Fibroblast activation protein (FAP) is a serine protease that has been reported in fibroblasts and some carcinoma cells, which correlates with poor patient outcomes. FAP can be induced under hypoxia which is also vital in the malignant behaviors of cancer cells. However, the role of FAP and its correlation with hypoxia has not been investigated in HCC cancer cells. In tissues from post-surgical HCC patients in our center, we adopted immunohistochemistry staining (IHC), western blot and quantitative RT-PCR to detect the expression levels of FAP and the hypoxia related marker, hypoxia inducible factor 1α (HIF-1α). X-tile software was used for the determination of high and low expression of FAP and HIF-1α after the IHC analysis. Clinicopathological analysis, Kaplan-Meier analysis and Cox regression model were performed. In-vitro experiments were performed to confirm the relationship between FAP and hypoxia in HCC cancer cell lines (HepG2, Huh7 and MHCC97H). Results revealed that expression levels of FAP and HIF-1α were significantly correlated (Pearson r2 = 0.2753, p < 0.0001) in IHC analysis of the 138-patient cohort. Western blot and quantity RT-PCR indicated parallel changes in 11 post-surgical fresh frozen tissues. The HIF-1α and FAP expression were associated with serum AFP, TNM, tumor size and vascular invasion. Cox regression analysis showed that HIF-1α/ FAP combination were the independent predictor for overall survival (OS) and time-to-recurrence (TTR) in post-surgical HCC patients. Kaplan-Meier analyses revealed that the patient with high levels of HIF-1α, FAP and combined HIF-1α/FAP had the shortest OS and TTR. In-vitro experiments showed that FAP was increased in hypoxic HCC cancer cell lines in parallel with that of HIF-1α and three EMT markers (E-cadherin, Snail and TWIST). In conclusion, the up-regulation of FAP in HCC cancer cells under hypoxia can be indicative of poor prognosis in patients.

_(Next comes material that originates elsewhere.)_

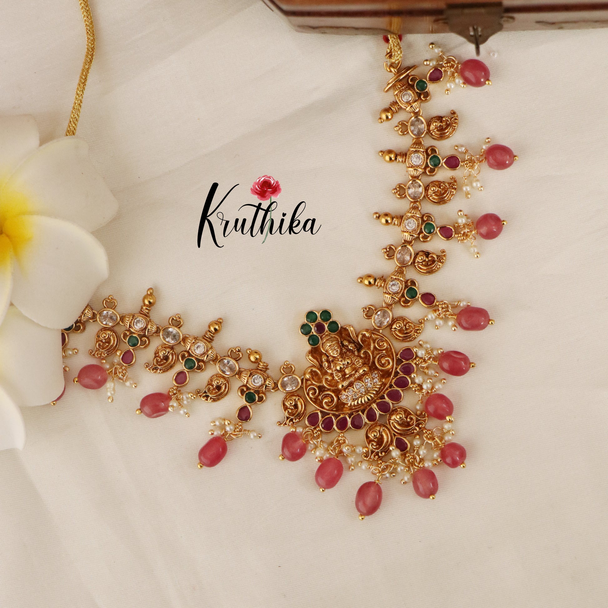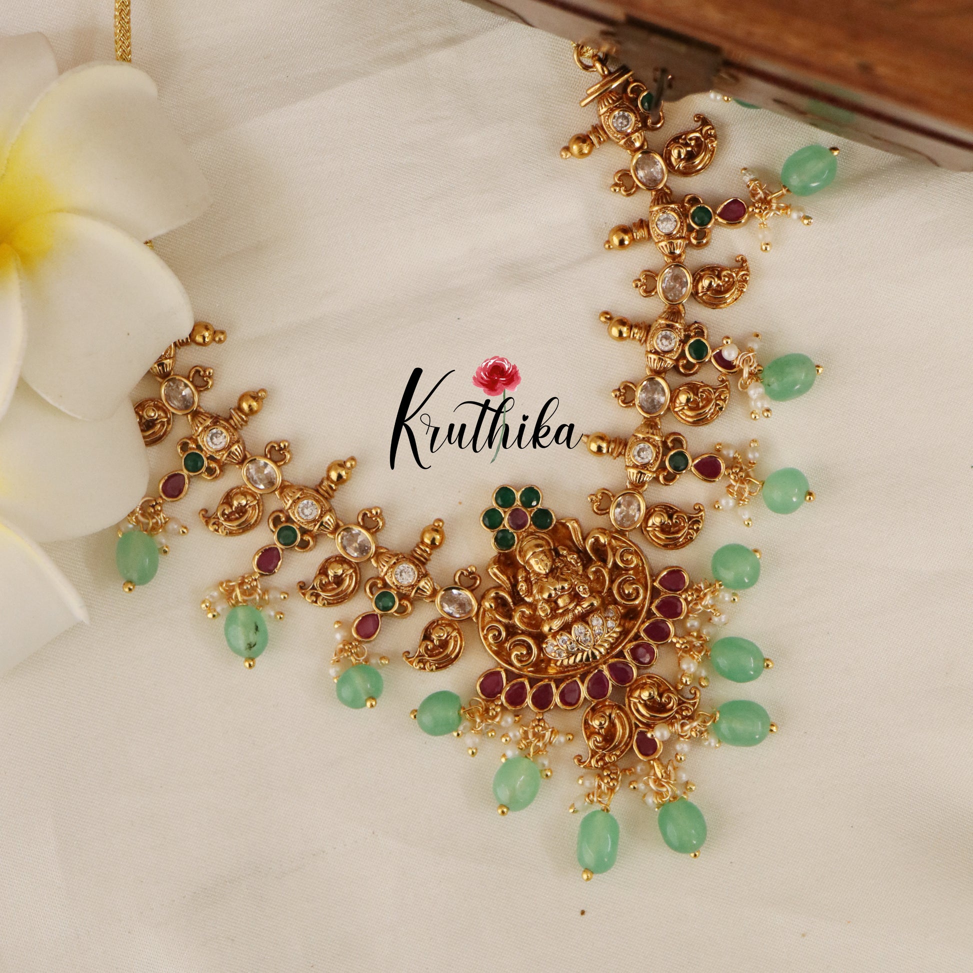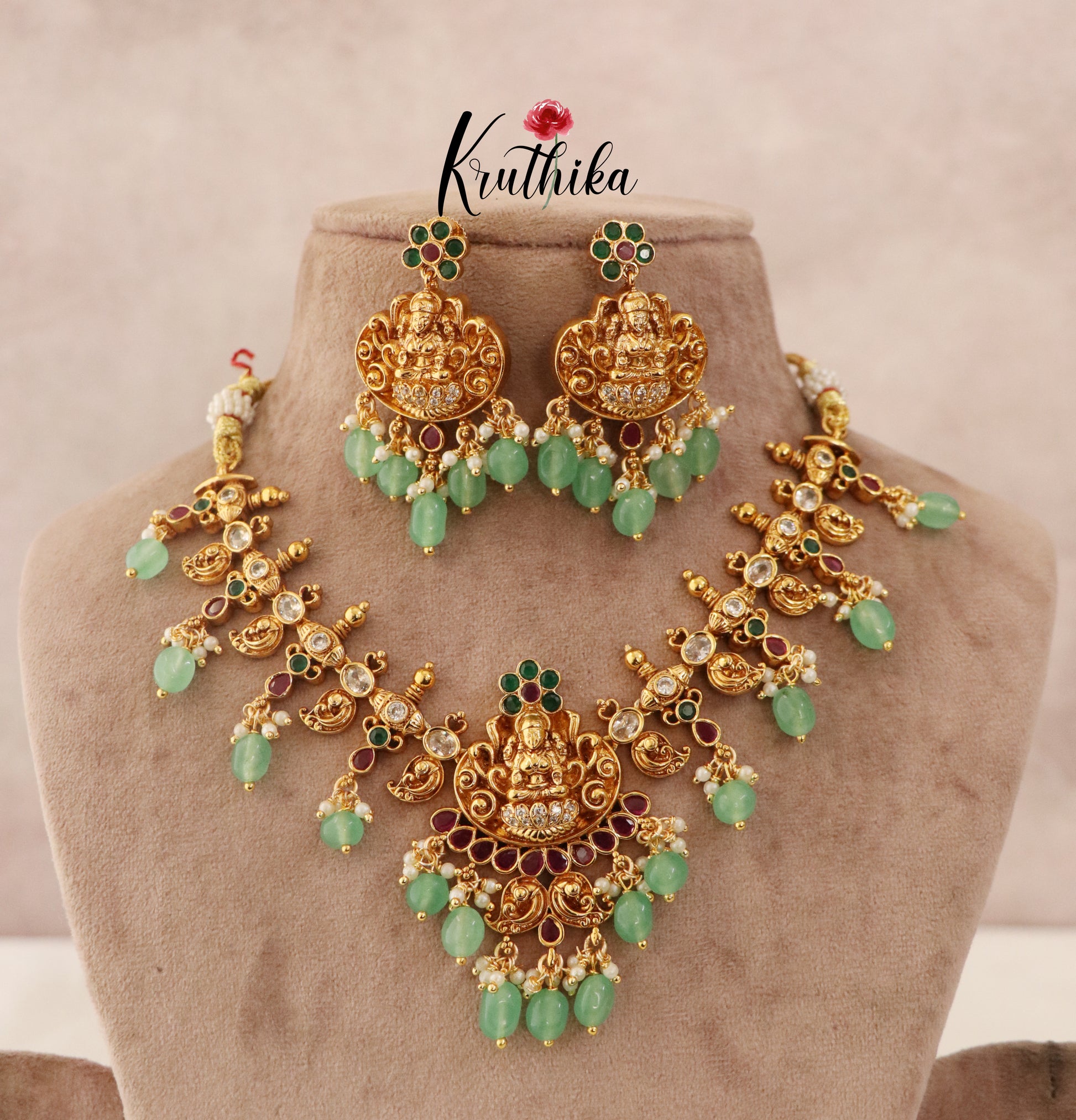 Enhance your style with our stunning, Pretty Gold like finish Laxmi Necklace paired perfectly with matching earrings. Crafted with high-quality stones & beads, this set combines timeless elegance with a modern touch. Ideal for special occasions or adding a touch of glamour to your look.

Keywords: Hepatocellular carcinoma (HCC), prognosis, Fibroblast activation protein (FAP), hypoxia inducible factor 1α (HIF-1α)

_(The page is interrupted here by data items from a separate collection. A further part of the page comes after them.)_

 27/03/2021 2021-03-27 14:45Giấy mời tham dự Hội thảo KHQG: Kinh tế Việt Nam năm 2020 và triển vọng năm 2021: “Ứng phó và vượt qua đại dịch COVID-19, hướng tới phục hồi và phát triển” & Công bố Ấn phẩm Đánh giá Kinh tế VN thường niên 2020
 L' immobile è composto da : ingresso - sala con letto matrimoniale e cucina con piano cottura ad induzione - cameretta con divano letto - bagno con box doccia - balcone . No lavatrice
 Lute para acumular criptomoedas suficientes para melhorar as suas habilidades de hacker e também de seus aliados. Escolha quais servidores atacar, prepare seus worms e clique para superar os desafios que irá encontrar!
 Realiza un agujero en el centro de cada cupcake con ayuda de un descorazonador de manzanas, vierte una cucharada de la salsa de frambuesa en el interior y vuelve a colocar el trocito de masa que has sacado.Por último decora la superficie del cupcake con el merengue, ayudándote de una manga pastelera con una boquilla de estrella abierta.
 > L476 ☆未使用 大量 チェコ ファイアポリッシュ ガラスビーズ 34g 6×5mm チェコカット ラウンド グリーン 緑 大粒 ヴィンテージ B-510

Liver cancer is one of the most frequent causes of cancer-related death globally . Hepatocellular carcinoma (HCC) accounts for 70% to 90% of primary cancers in the liver. The 5-year recurrence rate after radical resection is up to 70% [2, 3]. Although great efforts have been made in the treatment of HCC, the survival rate remains dismal. Therefore it is still imperative to search for novel biomarkers to improve the prognosis of HCC patients.
Fibroblast activation protein (FAP) used to be reported as a serine protease commonly expressed by the active cancer associated fibroblasts (CAFs), which facilitate aggressive tumoral behaviors [4, 5]. More recent studies revealed that the up-regulation of FAP is not limited to CAFs, as it can also be found within different cancer cells, which has been revealed to be oncogenic [6-9]. However, the reports concerning parenchymal cancer cells in HCC remain scarce.

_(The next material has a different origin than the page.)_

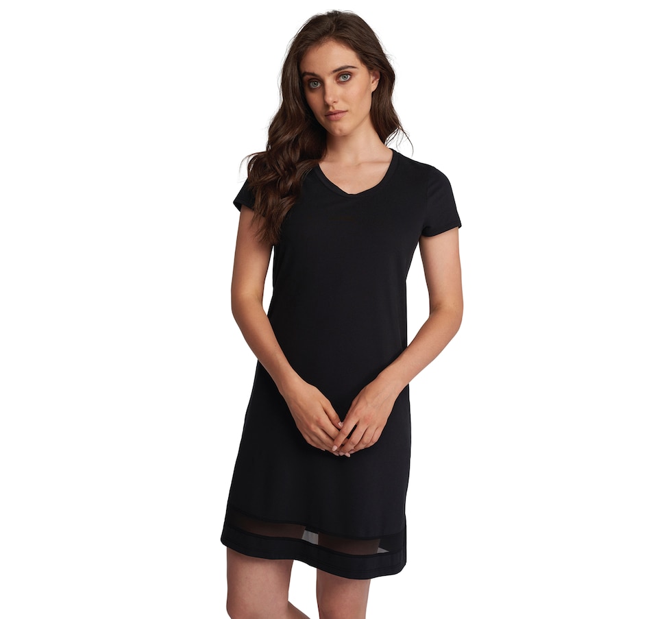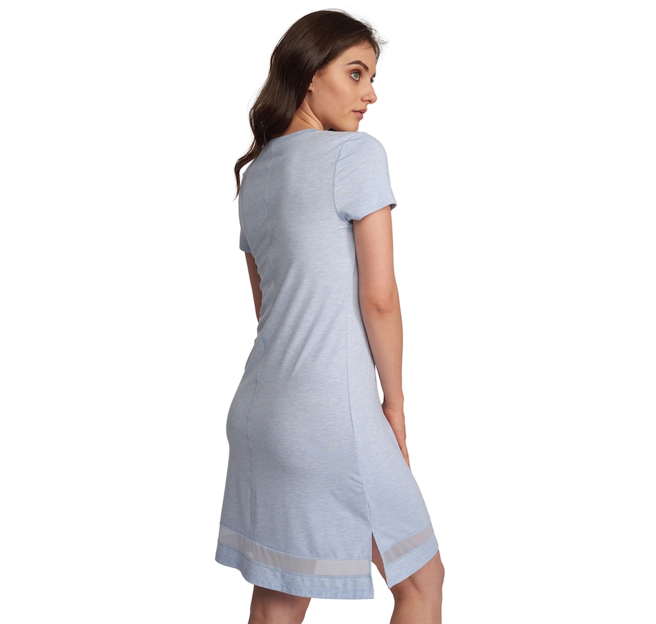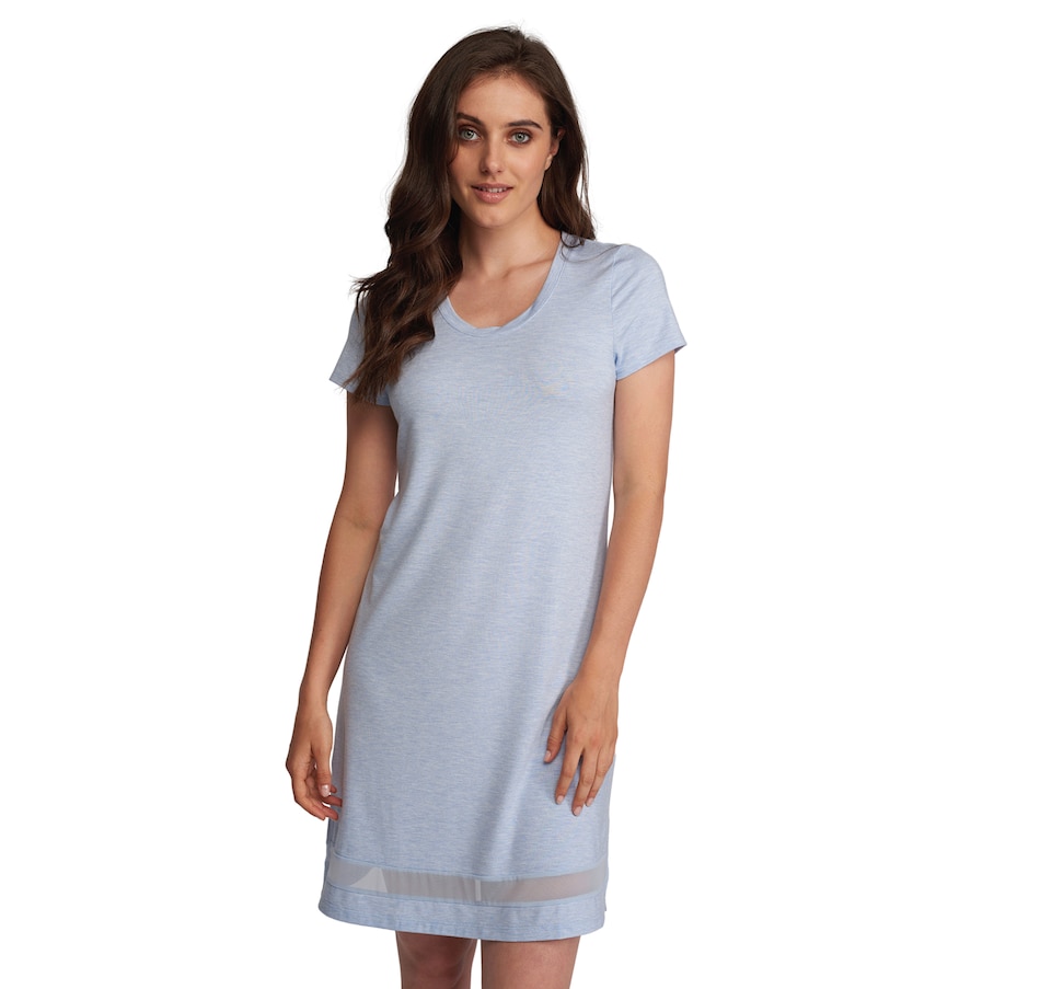 Kiss night sweats goodbye with this short sleeve nightie featuring a beautiful mesh trim along the hem. It offers a flattering short sleeve and slight shape at the waist for comfort and elegance.

Hypoxia in tumor tissues is a potent factor that induces the expression of FAP in CAFs . Besides, it is believed to be an important reason underlying HCC progression. It causes invasive cancer phenotypes, which can be mediated by the increased expression of hypoxia inducible factor 1α (HIF-1α) in tumor cells. FAP-expressing CAFs are known to protect tumor cells from hypoxia . But inside cancer cells, the relationship between hypoxia and FAP remains unclear.
Therefore, we hypothesized that the expression of FAP correlates with hypoxia in HCC cancer cells and affects the outcomes of patients. In the present study, we investigated whether FAP is induced by hypoxia in HCC cancer cells and how it is associated with tumor progression and the prognosis of HCC patients.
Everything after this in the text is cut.